Chris Curvey Chris Curvey - 6 months ago 385
Python Question

how to use initializer to set up my multiprocess pool?

I'm trying to use the multiprocess Pool object. I'd like each process to open a database connection when it starts, then use that connection to process the data that is passed in. (Rather than opening and closing the connection for each bit of data.) This seems like what the initializer is for, but I can't wrap my head around how the worker and the initializer communicate. So I have something like this:

def get_cursor():
return psycopg2.connect(...).cursor()

def process_data(data):
# here I'd like to have the cursor so that I can do things with the data

if __name__ == "__main__":
pool = Pool(initializer=get_cursor, initargs=())
pool.map(process_data, get_some_data_iterator())
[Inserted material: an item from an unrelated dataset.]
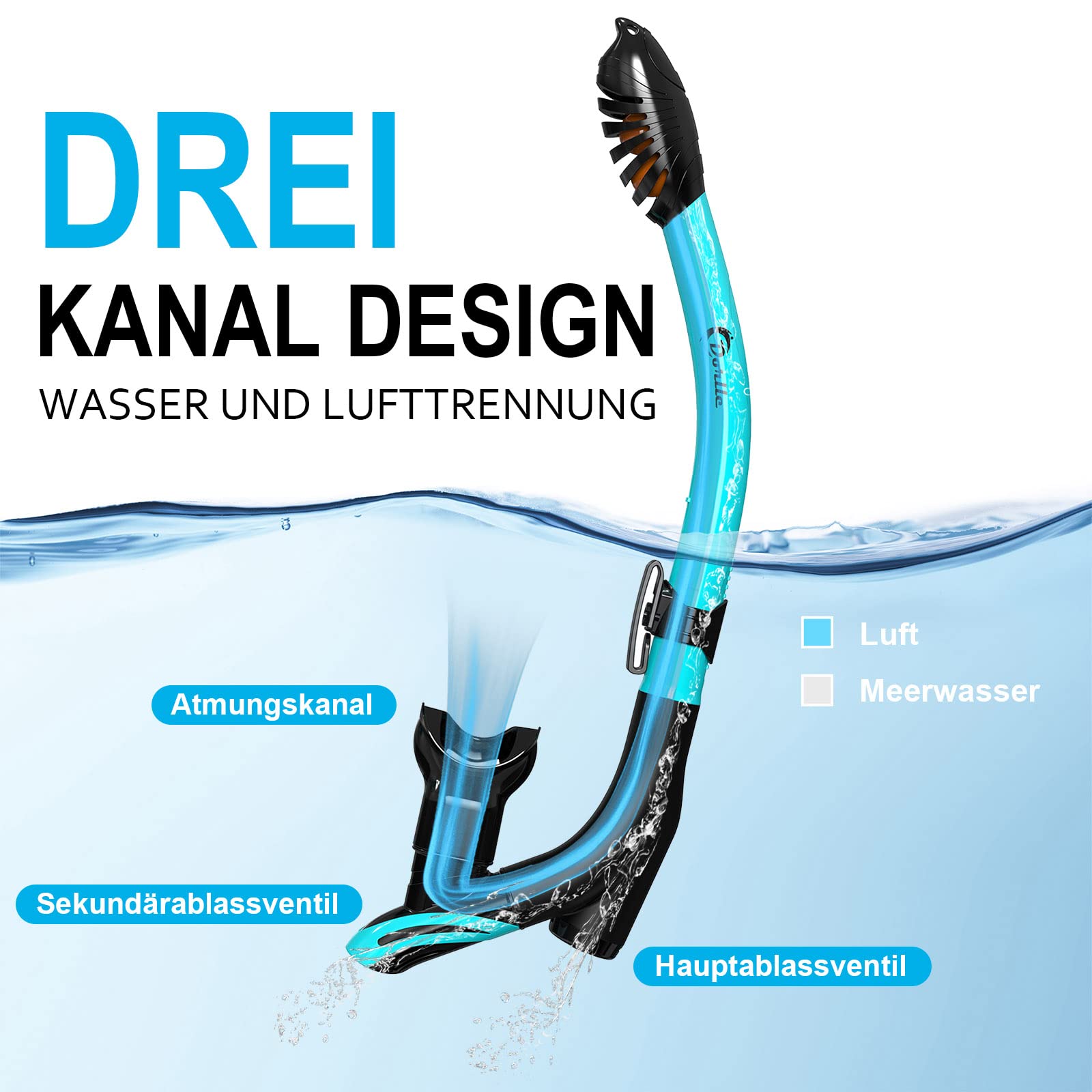 - Verbesserte Version des vollständig trockenen Schnorchel: Die Drei-Kanal-Ausführung, die für das Schnorcheln von Menschen geeignet ist, ist in Haupt- und Hilfsablassventile und Atemwege unterteilt, und der Wasserstrom ist von der Luft getrennt. Das Doppelschwimmer-Design auf der Oberseite des Schnorchels verhindert, dass Wasser in den Schnorchel eindringt, verringert das Erstickungsrisiko nach dem vollständigen Tauchen und macht das Schnorcheln sicherer.

how do I (or do I) get the cursor back from get_cursor() into the process_data()?

Answer

Quoting docs:

If initializer is not None then each worker process will call initializer(*initargs) when it starts.

Therefore it seems to me that this won't give you the possibility of retrieving anything from the initializer. Why don't you transform your code into:

def get_cursor():
  return psycopg2.connect(...).cursor()

def process_data(connection,data):
   # here I'd like to have the cursor so that I can do things with the data

if __name__ == "__main__":
  pool = Pool()
  cursor = get_cursor()
  pool.map(process_data, [(cursor,data) for data in get_some_data_iterator()])